EXERCISE BRIEF :: I would like the line with "A Prefeitura de" and every line after it, down to the end of the entries below, output exactly and without pictures.

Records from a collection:
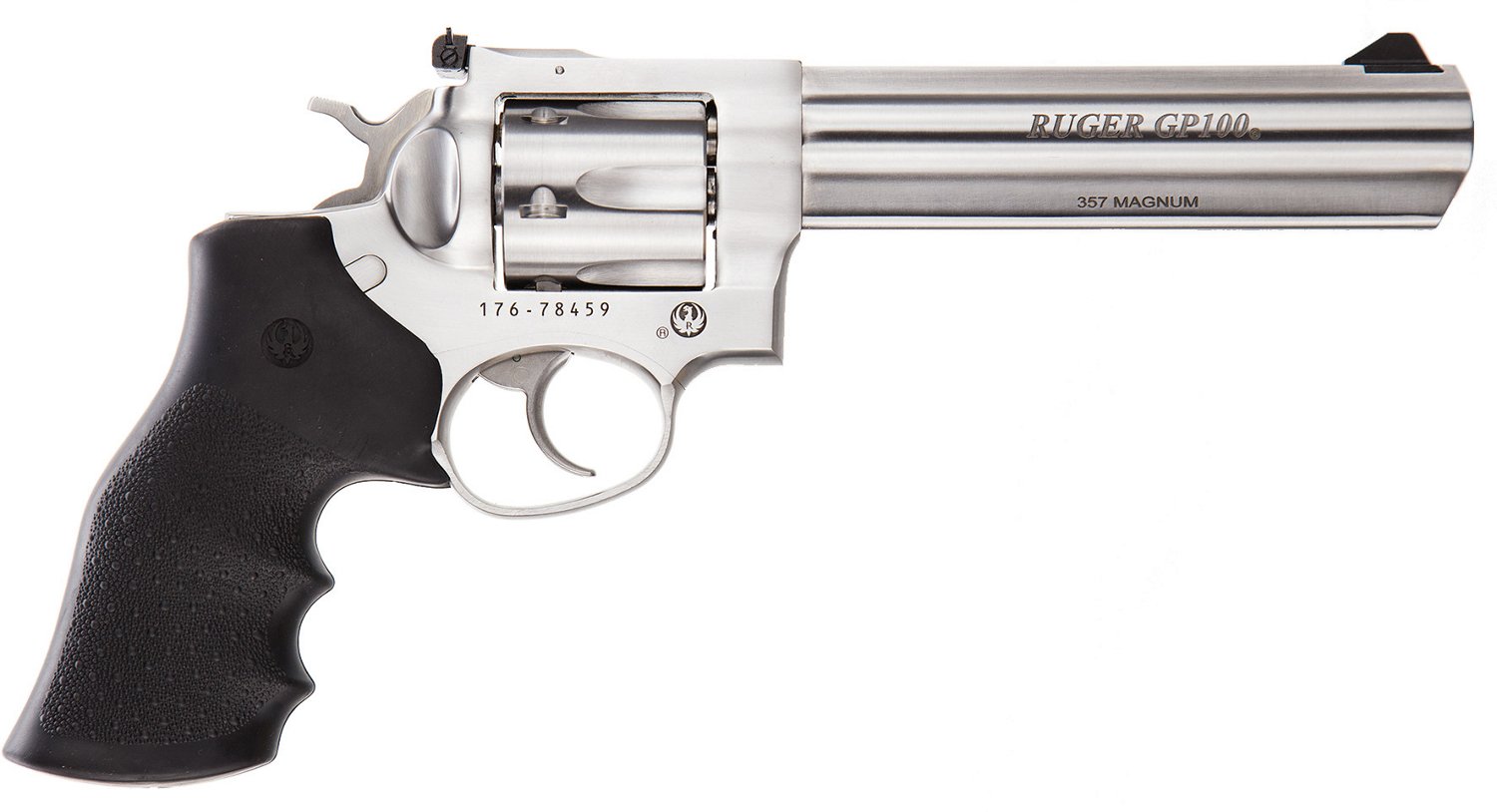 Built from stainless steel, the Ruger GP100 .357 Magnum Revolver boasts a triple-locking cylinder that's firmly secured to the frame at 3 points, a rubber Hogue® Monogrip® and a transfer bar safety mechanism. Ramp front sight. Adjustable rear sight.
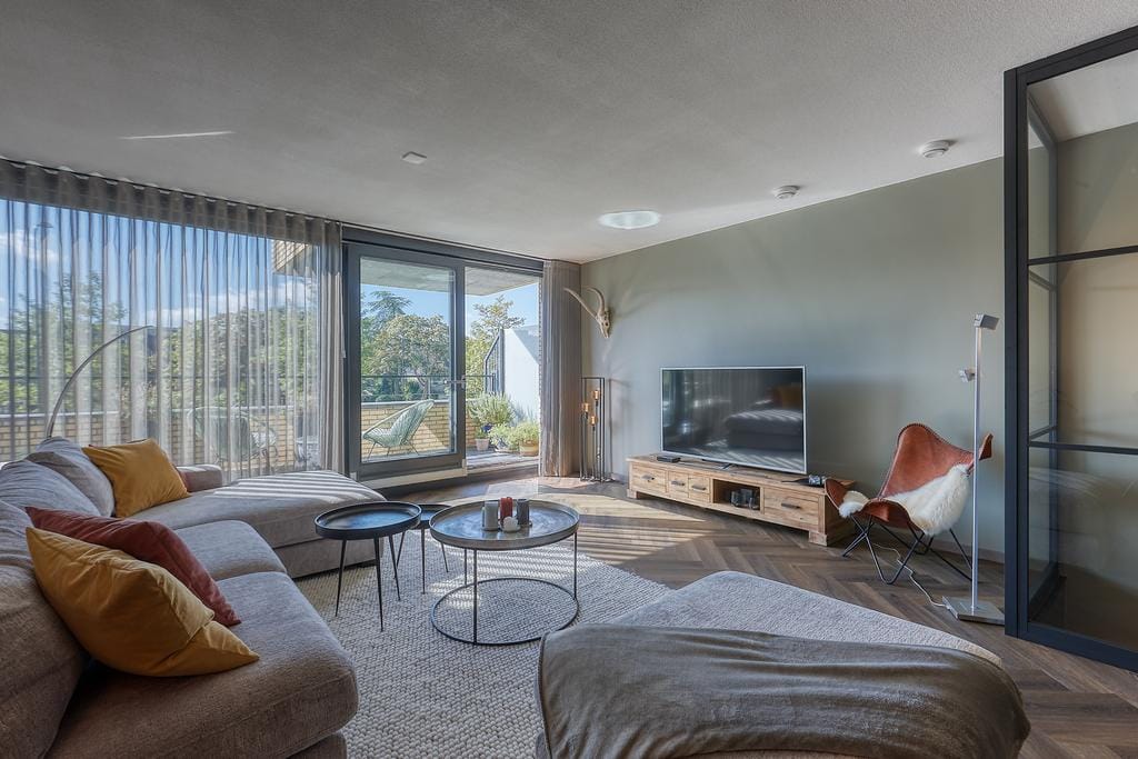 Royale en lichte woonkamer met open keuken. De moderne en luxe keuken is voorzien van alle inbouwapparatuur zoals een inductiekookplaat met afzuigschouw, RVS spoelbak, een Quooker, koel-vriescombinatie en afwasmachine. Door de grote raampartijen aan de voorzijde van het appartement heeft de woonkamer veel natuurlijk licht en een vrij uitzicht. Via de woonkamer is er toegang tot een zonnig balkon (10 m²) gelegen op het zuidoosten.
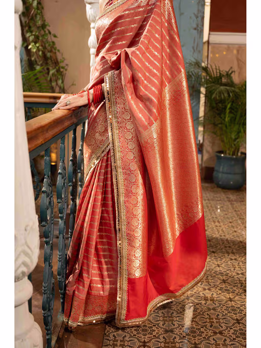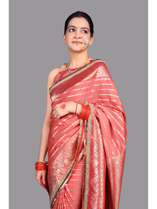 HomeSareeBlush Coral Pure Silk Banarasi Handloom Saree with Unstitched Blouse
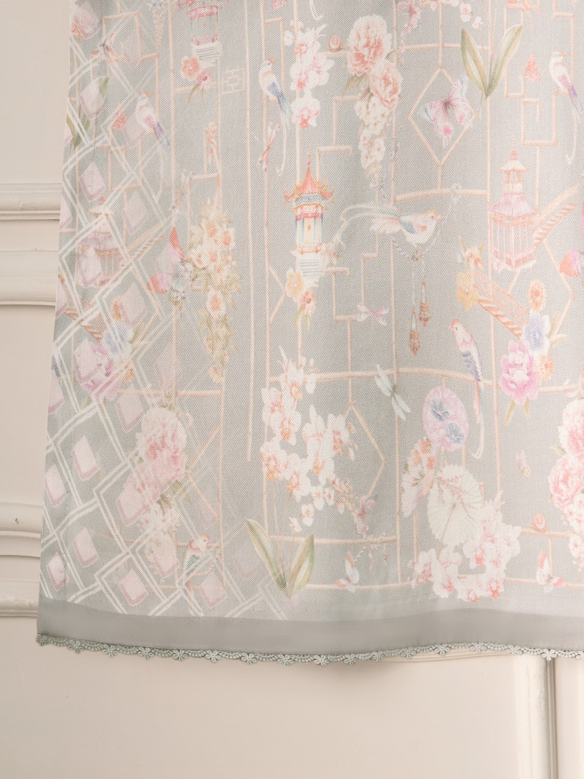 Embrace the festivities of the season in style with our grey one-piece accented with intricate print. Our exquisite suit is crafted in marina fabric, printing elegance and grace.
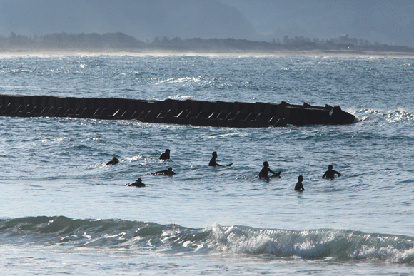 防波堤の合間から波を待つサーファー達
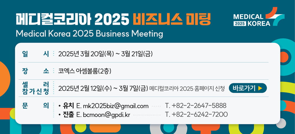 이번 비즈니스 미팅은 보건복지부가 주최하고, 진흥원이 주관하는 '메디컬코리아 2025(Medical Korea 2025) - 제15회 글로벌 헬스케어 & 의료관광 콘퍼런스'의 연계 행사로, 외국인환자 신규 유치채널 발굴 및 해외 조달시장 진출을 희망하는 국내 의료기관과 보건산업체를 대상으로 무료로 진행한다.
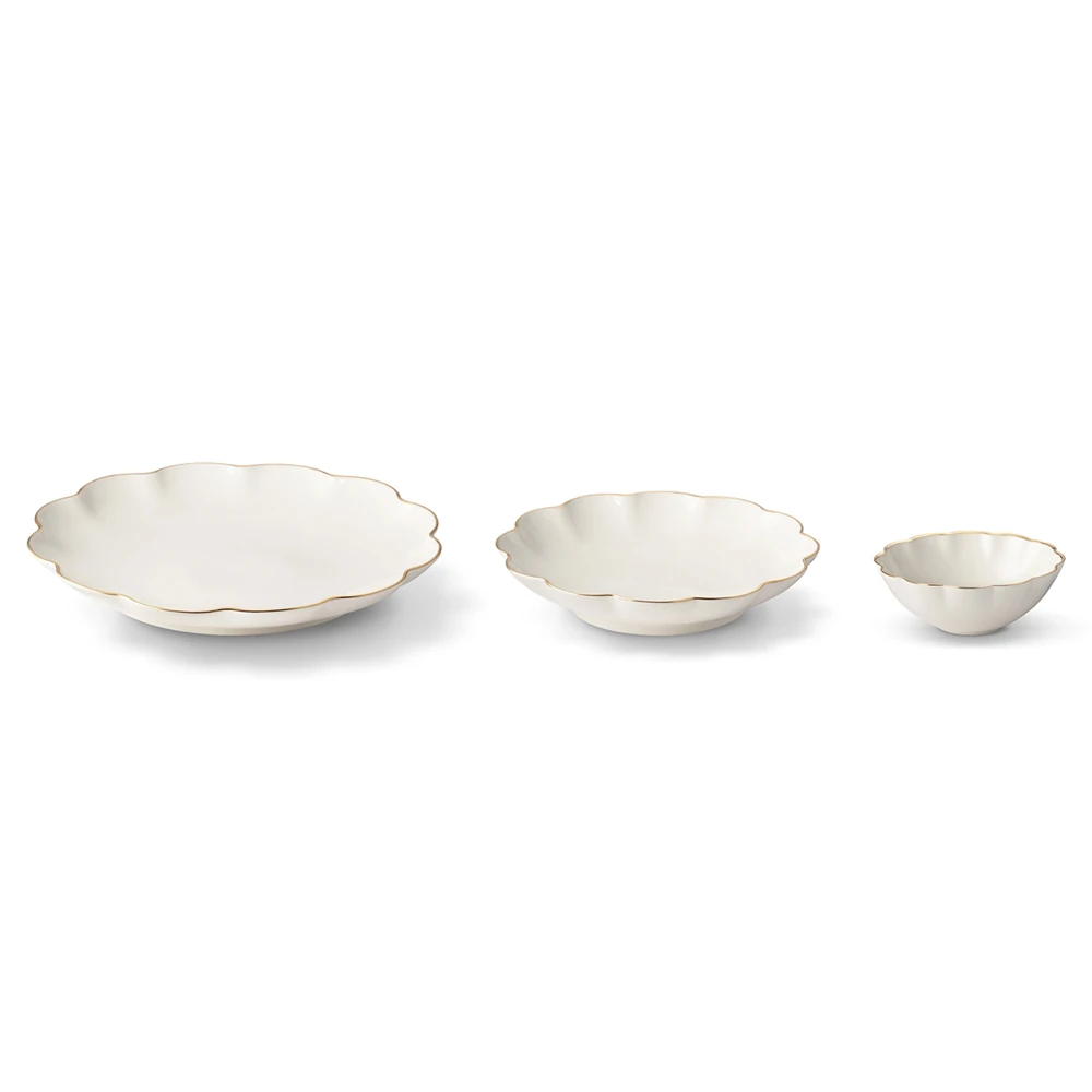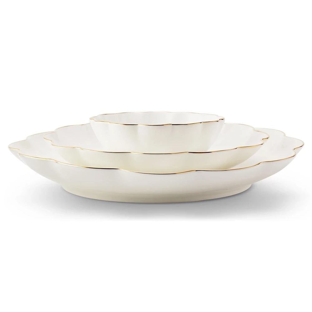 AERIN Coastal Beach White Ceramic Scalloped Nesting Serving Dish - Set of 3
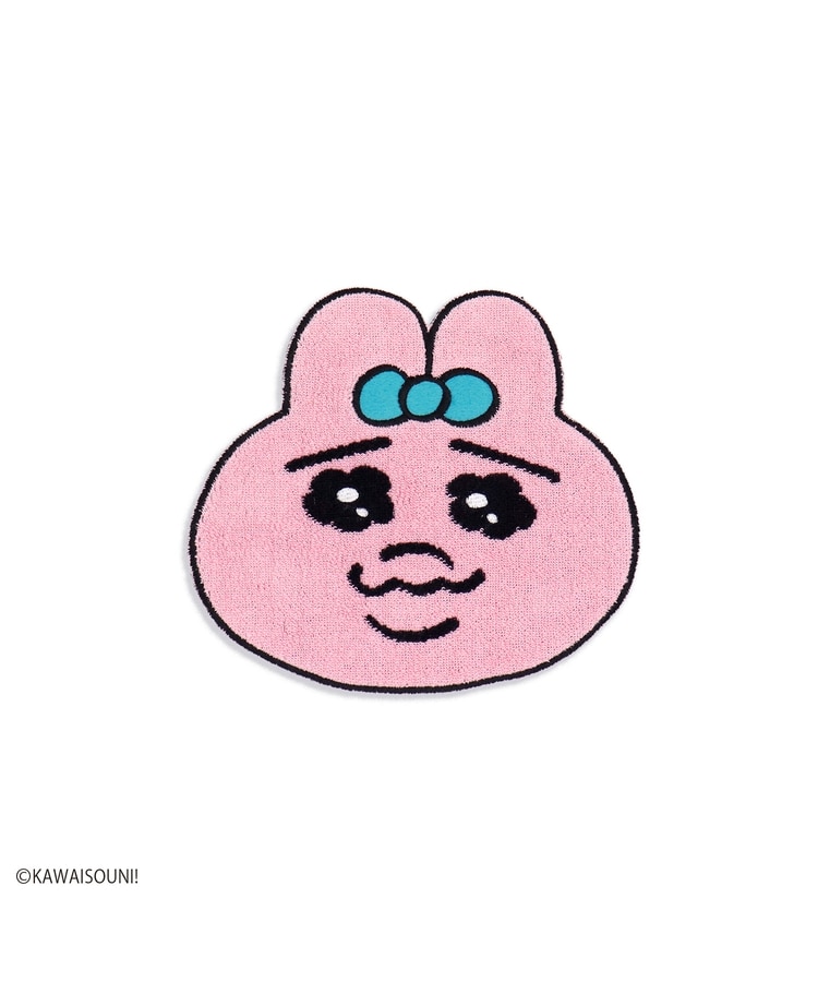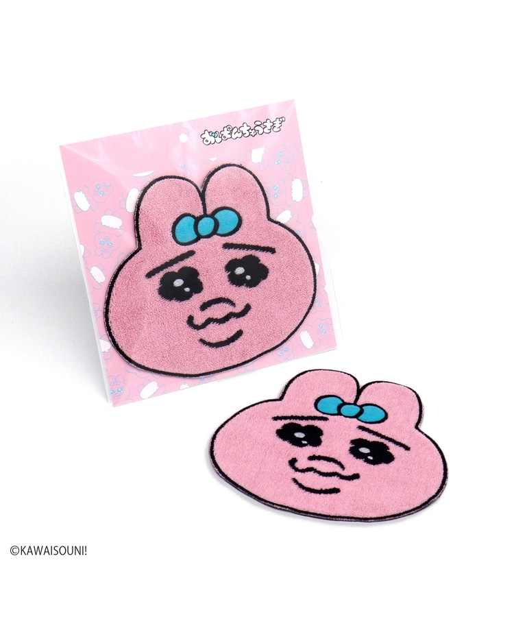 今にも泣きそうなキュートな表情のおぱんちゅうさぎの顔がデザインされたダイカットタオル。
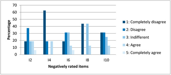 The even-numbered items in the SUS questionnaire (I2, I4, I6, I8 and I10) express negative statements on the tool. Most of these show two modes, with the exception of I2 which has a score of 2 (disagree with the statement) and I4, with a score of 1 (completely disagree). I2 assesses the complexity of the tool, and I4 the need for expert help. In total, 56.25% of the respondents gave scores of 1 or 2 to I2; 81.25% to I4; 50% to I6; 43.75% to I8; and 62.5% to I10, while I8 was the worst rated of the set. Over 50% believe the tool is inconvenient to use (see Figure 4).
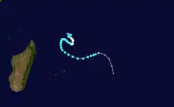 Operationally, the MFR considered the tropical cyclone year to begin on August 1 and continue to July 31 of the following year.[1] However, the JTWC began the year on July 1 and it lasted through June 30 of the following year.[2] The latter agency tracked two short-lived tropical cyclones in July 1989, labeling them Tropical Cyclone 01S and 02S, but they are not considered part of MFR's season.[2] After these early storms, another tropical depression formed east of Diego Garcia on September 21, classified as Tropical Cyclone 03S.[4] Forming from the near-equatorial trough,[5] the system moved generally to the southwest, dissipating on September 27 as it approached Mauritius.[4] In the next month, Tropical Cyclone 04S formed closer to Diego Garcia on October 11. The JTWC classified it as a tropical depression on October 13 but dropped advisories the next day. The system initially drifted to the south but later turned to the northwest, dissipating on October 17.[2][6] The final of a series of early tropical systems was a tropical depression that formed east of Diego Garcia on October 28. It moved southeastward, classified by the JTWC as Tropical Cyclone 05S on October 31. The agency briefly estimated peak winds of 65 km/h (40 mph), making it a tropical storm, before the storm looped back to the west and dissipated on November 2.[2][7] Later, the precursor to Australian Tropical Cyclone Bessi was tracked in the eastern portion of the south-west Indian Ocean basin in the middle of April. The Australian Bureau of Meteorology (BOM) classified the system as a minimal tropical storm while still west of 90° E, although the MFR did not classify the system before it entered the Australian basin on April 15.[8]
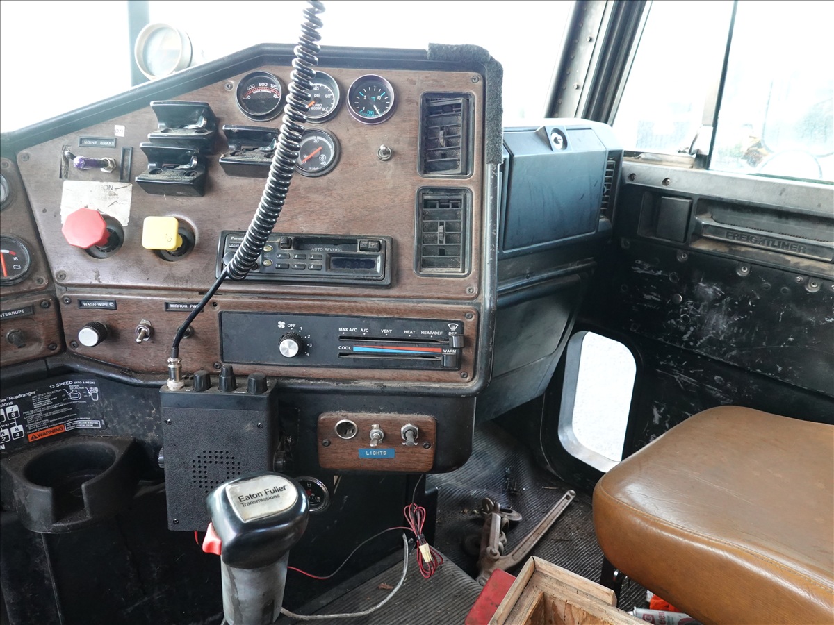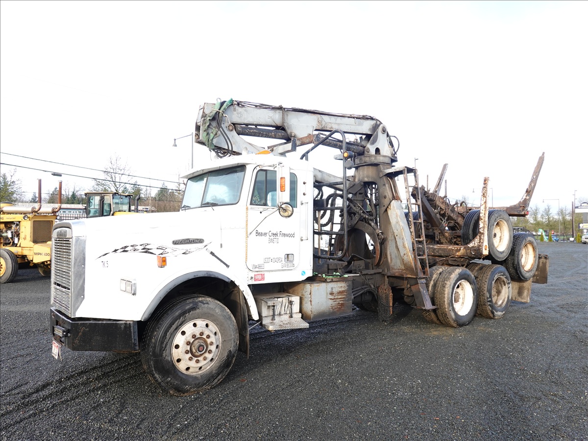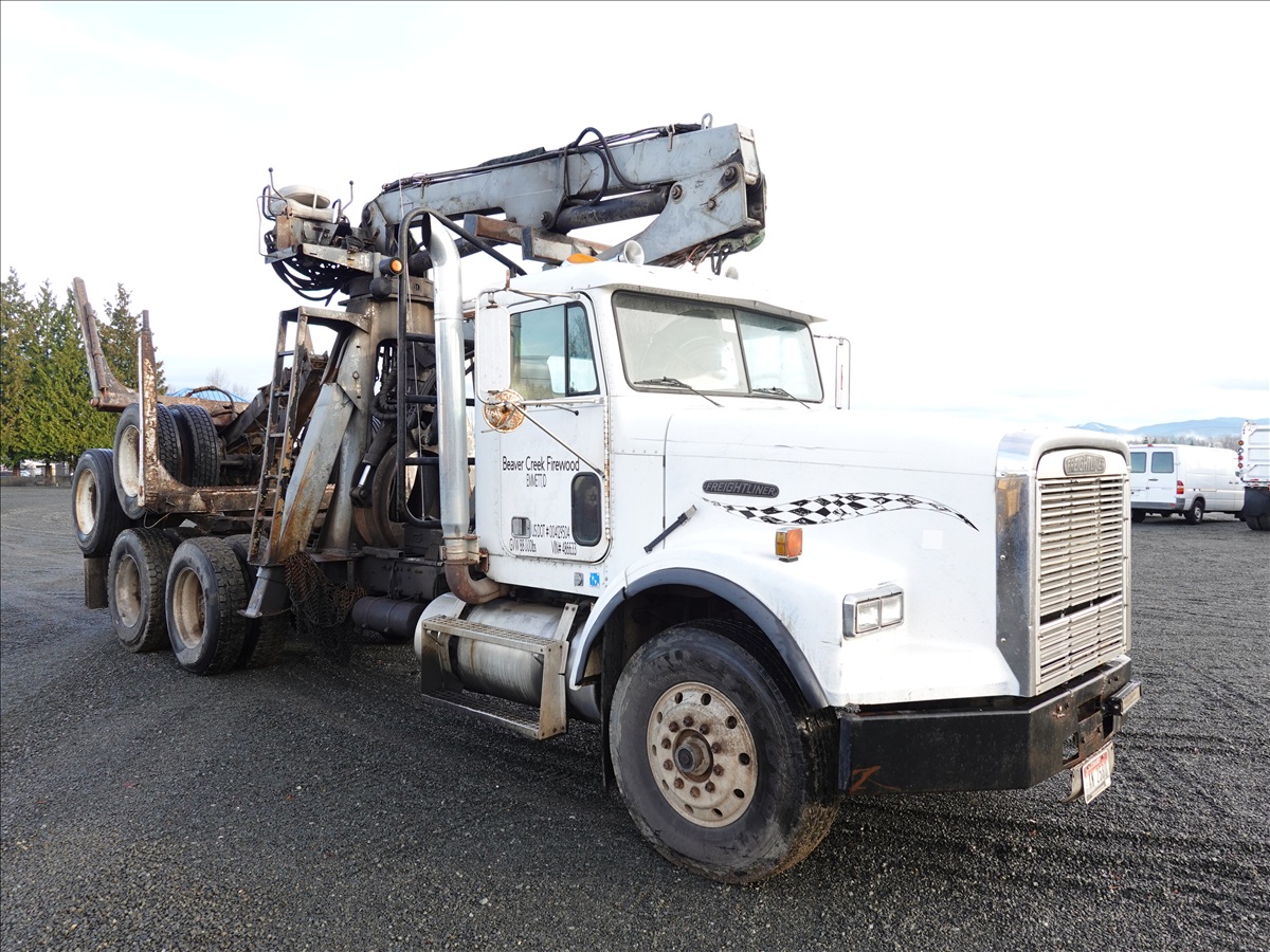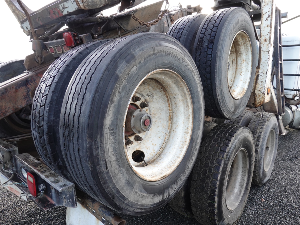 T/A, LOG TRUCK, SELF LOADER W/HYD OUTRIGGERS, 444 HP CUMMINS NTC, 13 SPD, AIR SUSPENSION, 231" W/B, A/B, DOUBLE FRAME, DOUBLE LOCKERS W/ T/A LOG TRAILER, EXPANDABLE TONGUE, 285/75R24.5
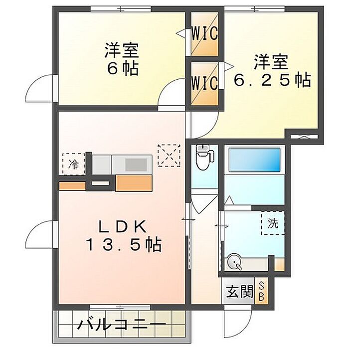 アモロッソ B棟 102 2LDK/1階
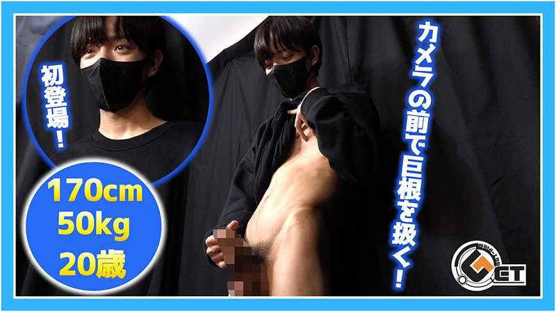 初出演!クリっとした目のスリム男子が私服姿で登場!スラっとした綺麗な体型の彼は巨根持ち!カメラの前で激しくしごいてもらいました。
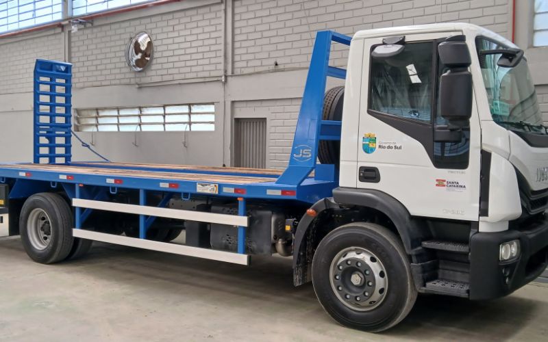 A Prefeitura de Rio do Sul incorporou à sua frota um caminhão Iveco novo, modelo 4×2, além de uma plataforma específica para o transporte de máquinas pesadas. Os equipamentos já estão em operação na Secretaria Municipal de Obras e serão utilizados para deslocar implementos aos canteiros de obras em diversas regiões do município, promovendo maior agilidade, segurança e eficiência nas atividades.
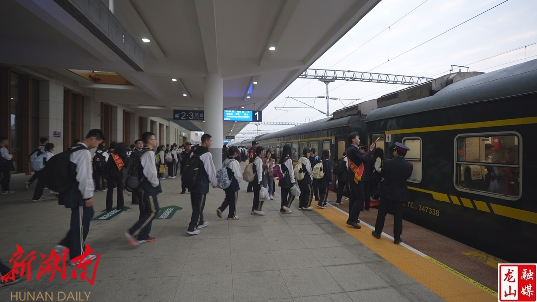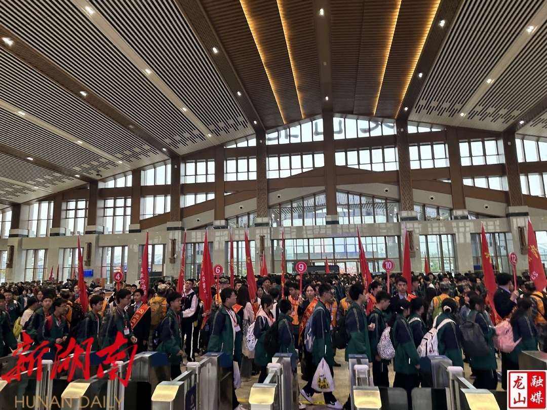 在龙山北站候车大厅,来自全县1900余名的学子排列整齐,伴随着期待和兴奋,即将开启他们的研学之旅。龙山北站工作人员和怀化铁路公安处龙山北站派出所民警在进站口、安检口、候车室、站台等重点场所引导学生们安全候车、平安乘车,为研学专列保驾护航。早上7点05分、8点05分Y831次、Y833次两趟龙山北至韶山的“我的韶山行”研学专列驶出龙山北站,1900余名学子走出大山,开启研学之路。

YOUR SOLUTION ::
 A Prefeitura de Rio do Sul incorporou à sua frota um caminhão Iveco novo, modelo 4×2, além de uma plataforma específica para o transporte de máquinas pesadas. Os equipamentos já estão em operação na Secretaria Municipal de Obras e serão utilizados para deslocar implementos aos canteiros de obras em diversas regiões do município, promovendo maior agilidade, segurança e eficiência nas atividades.
 在龙山北站候车大厅,来自全县1900余名的学子排列整齐,伴随着期待和兴奋,即将开启他们的研学之旅。龙山北站工作人员和怀化铁路公安处龙山北站派出所民警在进站口、安检口、候车室、站台等重点场所引导学生们安全候车、平安乘车,为研学专列保驾护航。早上7点05分、8点05分Y831次、Y833次两趟龙山北至韶山的“我的韶山行”研学专列驶出龙山北站,1900余名学子走出大山,开启研学之路。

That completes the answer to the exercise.